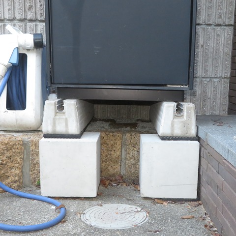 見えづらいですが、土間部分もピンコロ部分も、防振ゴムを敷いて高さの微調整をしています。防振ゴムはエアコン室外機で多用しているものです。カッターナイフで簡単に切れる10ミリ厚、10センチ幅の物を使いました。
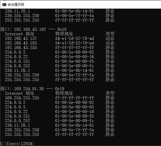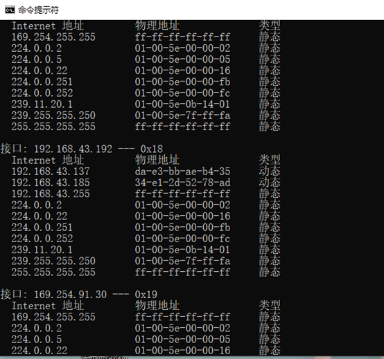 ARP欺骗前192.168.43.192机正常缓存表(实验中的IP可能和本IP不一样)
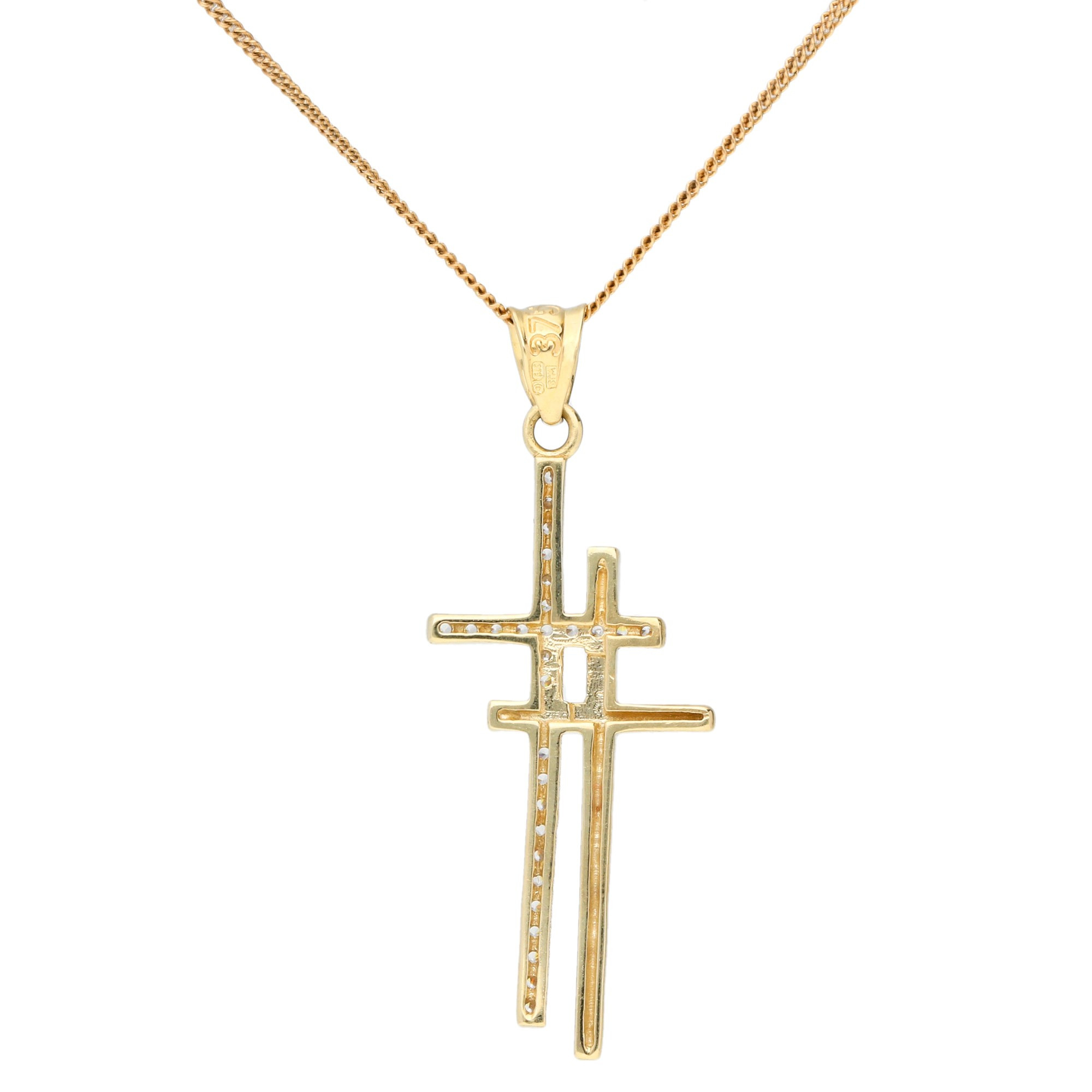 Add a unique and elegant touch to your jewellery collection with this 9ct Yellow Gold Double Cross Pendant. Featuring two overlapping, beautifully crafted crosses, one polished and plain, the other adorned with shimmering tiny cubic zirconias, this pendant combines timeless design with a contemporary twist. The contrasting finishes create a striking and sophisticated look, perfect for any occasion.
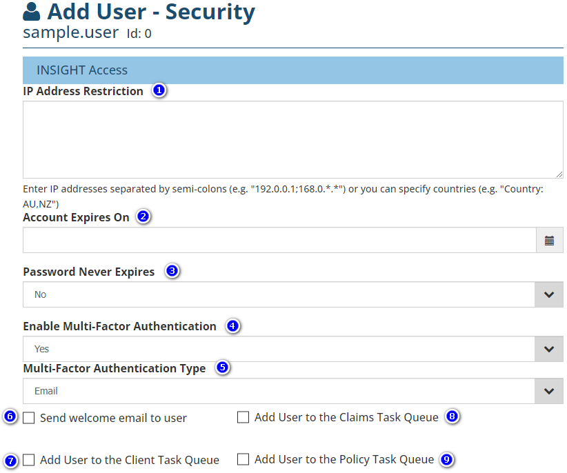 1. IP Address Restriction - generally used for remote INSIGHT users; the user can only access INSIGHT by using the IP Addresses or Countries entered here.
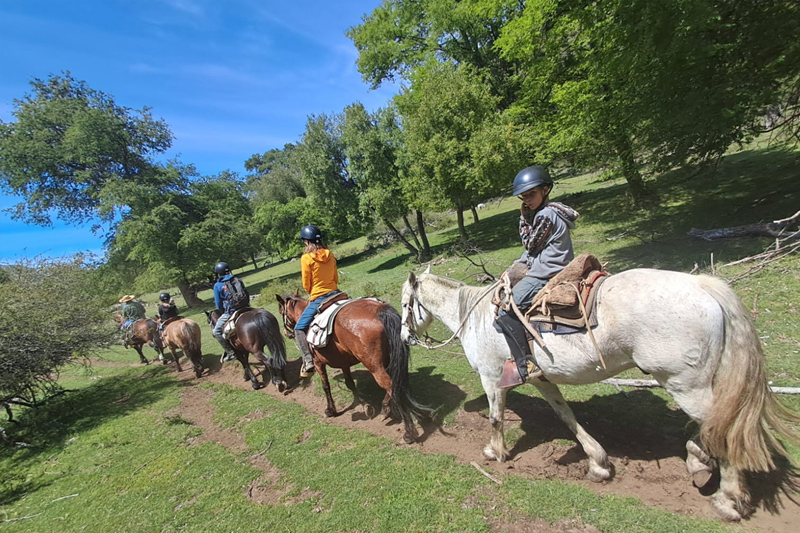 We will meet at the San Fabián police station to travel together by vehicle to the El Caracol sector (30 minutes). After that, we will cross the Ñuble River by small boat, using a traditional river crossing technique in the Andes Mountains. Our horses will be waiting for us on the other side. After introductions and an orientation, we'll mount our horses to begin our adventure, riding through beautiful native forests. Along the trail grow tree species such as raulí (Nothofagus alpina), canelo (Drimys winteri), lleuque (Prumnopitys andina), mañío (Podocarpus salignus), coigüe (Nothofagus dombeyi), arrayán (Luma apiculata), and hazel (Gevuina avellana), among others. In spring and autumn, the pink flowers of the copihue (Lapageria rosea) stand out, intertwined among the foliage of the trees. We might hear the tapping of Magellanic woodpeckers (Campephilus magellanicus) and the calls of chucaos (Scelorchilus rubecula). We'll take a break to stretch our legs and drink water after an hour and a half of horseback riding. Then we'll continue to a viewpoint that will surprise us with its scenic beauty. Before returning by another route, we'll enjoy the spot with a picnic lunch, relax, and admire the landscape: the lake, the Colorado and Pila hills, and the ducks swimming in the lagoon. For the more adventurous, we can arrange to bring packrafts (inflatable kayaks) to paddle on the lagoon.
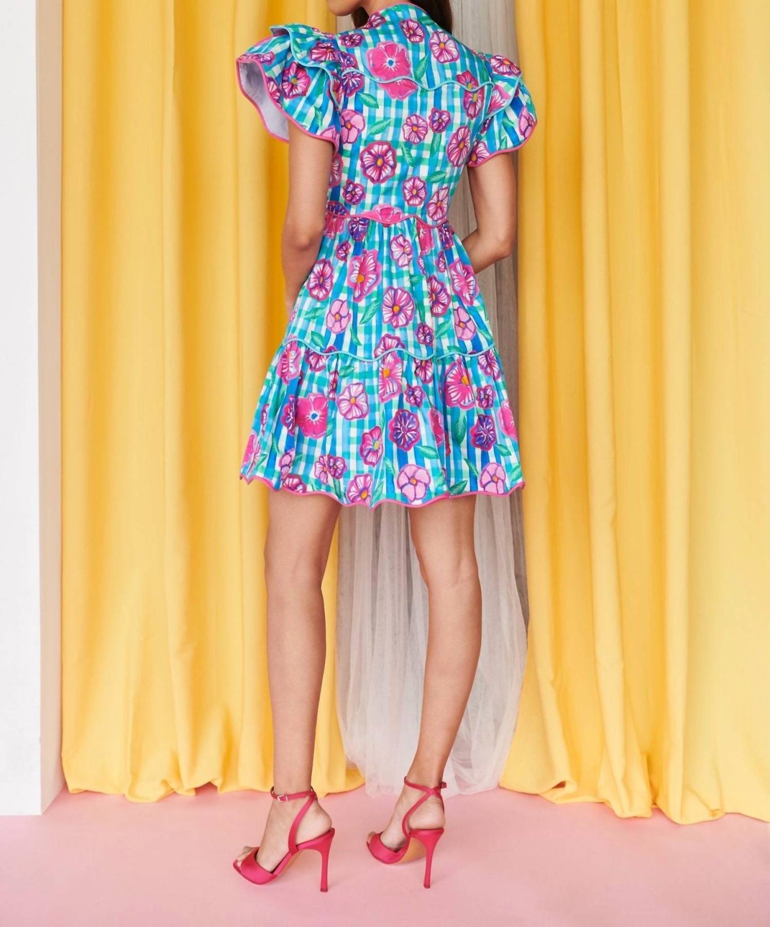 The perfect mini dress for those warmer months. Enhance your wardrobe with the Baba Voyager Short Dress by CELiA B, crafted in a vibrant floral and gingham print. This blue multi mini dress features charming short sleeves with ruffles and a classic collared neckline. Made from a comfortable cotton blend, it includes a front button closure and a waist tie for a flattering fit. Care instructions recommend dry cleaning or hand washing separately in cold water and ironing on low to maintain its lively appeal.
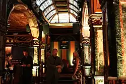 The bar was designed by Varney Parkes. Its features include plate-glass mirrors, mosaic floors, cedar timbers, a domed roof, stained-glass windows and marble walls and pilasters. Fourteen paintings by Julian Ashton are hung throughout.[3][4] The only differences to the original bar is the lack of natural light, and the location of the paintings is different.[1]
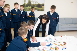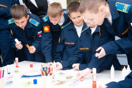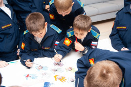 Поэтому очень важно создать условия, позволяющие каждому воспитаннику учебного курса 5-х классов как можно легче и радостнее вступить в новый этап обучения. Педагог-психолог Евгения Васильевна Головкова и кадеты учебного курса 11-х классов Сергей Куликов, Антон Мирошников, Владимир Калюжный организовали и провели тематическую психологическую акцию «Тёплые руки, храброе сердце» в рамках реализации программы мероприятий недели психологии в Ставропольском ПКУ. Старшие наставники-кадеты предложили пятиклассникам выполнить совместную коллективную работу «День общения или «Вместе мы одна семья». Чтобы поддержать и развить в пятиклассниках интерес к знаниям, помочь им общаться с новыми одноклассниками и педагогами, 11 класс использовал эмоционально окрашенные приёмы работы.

......

*Task item*
Both boundary lines included, write out word for word only the lines above from the one containing "Add a unique" to the one containing "1. IP Address", leaving out any pictures.

*Final answer*
 Add a unique and elegant touch to your jewellery collection with this 9ct Yellow Gold Double Cross Pendant. Featuring two overlapping, beautifully crafted crosses, one polished and plain, the other adorned with shimmering tiny cubic zirconias, this pendant combines timeless design with a contemporary twist. The contrasting finishes create a striking and sophisticated look, perfect for any occasion.
 1. IP Address Restriction - generally used for remote INSIGHT users; the user can only access INSIGHT by using the IP Addresses or Countries entered here.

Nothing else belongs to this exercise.